■ WHAT IS BEING ASKED
For the material below, reproduce exactly each line from the one that has "Air micromotor with" through the one that has "La fonctionnalité d'aperçu", and no others; pictures stay out.

■ DATA FOR PROCESSING

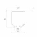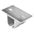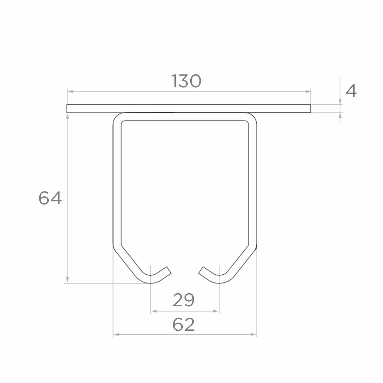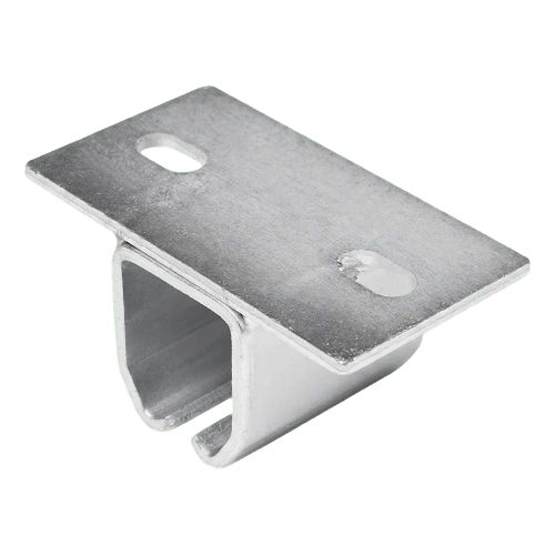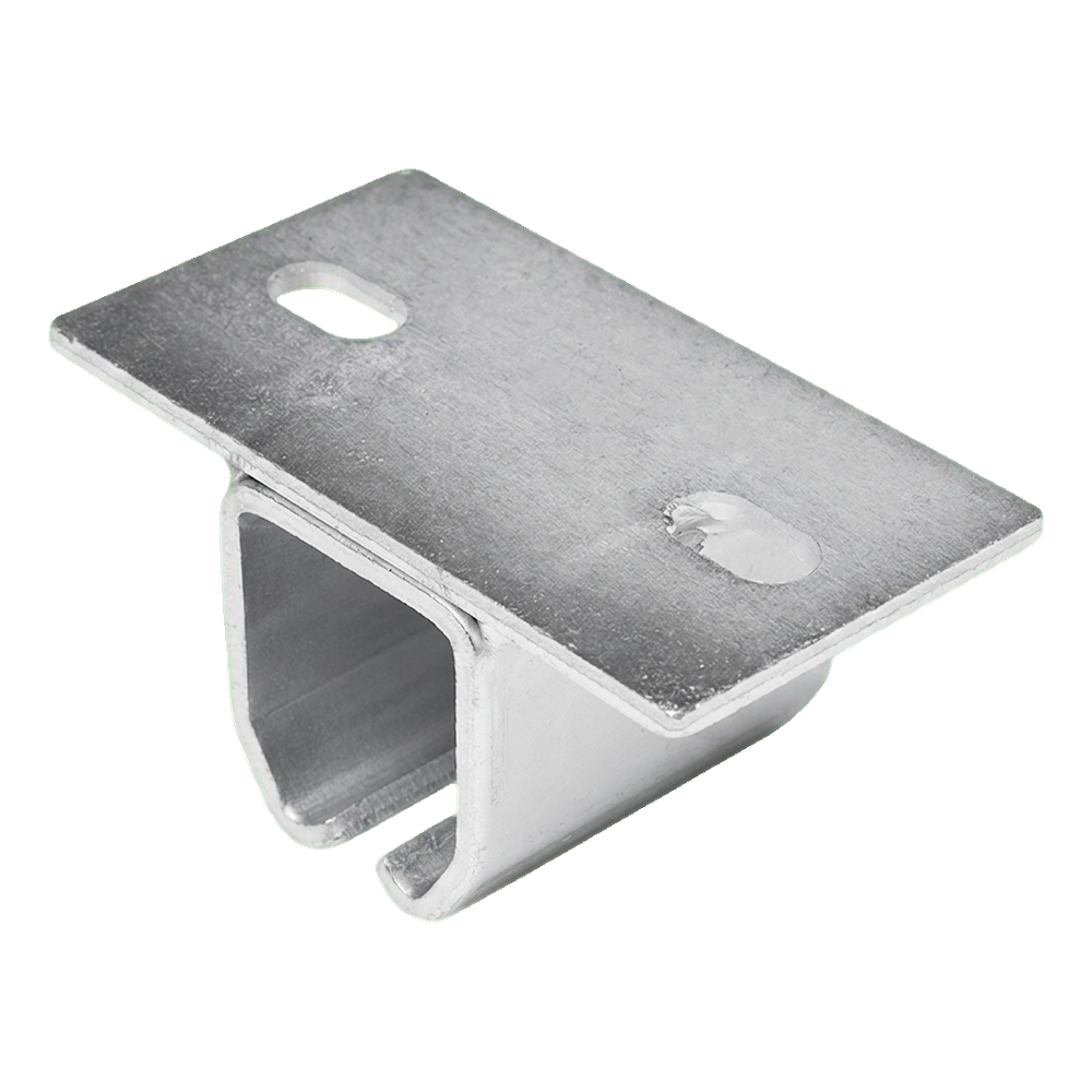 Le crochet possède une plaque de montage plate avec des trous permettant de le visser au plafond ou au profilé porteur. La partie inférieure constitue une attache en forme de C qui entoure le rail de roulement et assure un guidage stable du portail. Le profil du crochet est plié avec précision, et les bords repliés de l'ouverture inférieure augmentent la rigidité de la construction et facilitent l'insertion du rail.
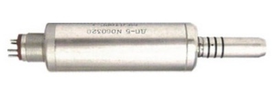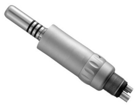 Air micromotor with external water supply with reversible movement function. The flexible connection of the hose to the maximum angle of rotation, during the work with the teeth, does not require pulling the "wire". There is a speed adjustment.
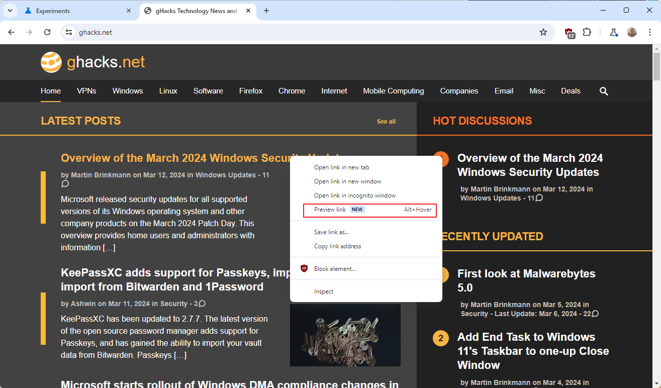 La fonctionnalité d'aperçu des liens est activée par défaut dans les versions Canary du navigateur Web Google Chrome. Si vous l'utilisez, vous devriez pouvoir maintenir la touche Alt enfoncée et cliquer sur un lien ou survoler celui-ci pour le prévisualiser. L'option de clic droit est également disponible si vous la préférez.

--

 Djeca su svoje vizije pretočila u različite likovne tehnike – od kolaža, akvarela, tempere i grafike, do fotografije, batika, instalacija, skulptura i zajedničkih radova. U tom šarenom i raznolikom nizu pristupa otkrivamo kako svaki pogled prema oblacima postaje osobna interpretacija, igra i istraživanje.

* * *

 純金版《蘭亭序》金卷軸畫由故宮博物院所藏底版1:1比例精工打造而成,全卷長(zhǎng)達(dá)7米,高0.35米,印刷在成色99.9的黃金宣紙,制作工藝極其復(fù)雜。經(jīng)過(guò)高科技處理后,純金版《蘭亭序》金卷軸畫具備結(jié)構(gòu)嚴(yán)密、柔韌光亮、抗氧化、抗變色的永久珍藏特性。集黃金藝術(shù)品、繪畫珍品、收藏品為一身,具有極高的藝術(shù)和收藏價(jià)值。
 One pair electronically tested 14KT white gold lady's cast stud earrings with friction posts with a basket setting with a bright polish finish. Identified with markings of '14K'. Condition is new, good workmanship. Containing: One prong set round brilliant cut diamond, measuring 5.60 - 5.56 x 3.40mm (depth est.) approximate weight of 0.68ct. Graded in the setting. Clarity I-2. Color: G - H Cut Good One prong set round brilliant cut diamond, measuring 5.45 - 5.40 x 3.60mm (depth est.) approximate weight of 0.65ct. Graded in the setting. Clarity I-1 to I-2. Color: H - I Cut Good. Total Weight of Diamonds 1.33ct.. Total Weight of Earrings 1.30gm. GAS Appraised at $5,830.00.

■ RESULT OF THE TASK
 Air micromotor with external water supply with reversible movement function. The flexible connection of the hose to the maximum angle of rotation, during the work with the teeth, does not require pulling the "wire". There is a speed adjustment.
 La fonctionnalité d'aperçu des liens est activée par défaut dans les versions Canary du navigateur Web Google Chrome. Si vous l'utilisez, vous devriez pouvoir maintenir la touche Alt enfoncée et cliquer sur un lien ou survoler celui-ci pour le prévisualiser. L'option de clic droit est également disponible si vous la préférez.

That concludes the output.